## Entries provided:
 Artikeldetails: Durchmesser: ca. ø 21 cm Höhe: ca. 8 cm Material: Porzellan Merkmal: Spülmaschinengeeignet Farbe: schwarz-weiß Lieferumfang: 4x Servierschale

* * *

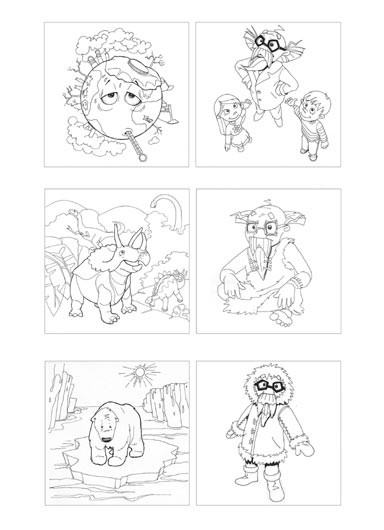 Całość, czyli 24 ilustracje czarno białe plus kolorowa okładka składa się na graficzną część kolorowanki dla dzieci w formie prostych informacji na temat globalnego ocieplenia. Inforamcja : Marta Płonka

---

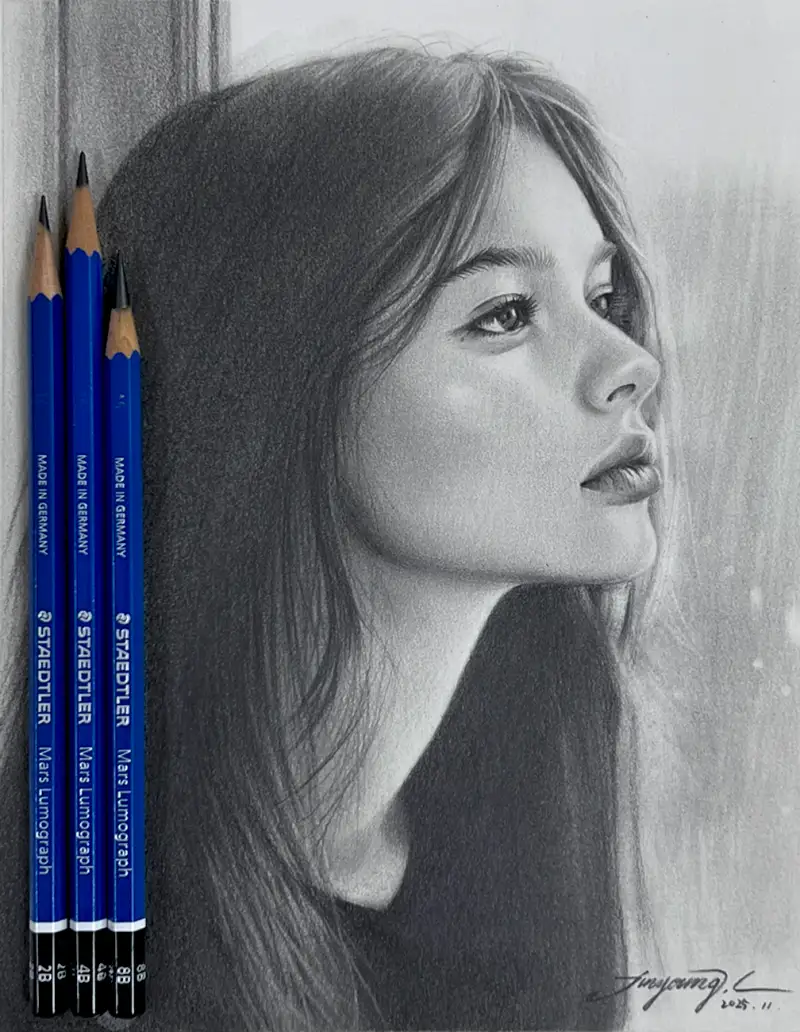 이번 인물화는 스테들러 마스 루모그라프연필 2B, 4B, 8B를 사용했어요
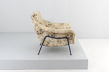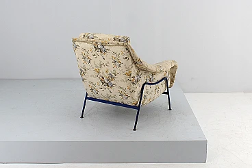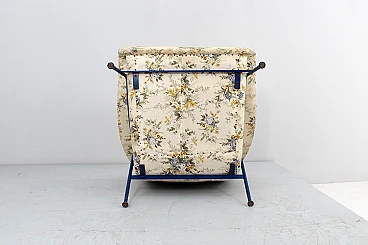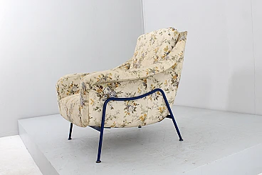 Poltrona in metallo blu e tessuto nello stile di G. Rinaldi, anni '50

## Directions:
What is needed is an exact copy of the lines above, from the one holding "이번 인물화는 스테들러 마스 루모그라프연필 2B, 4B, 8B를 사용했어요" down to the one holding "Poltrona in metallo", with those two included and the pictures left out.

## Task result:
 이번 인물화는 스테들러 마스 루모그라프연필 2B, 4B, 8B를 사용했어요
 Poltrona in metallo blu e tessuto nello stile di G. Rinaldi, anni '50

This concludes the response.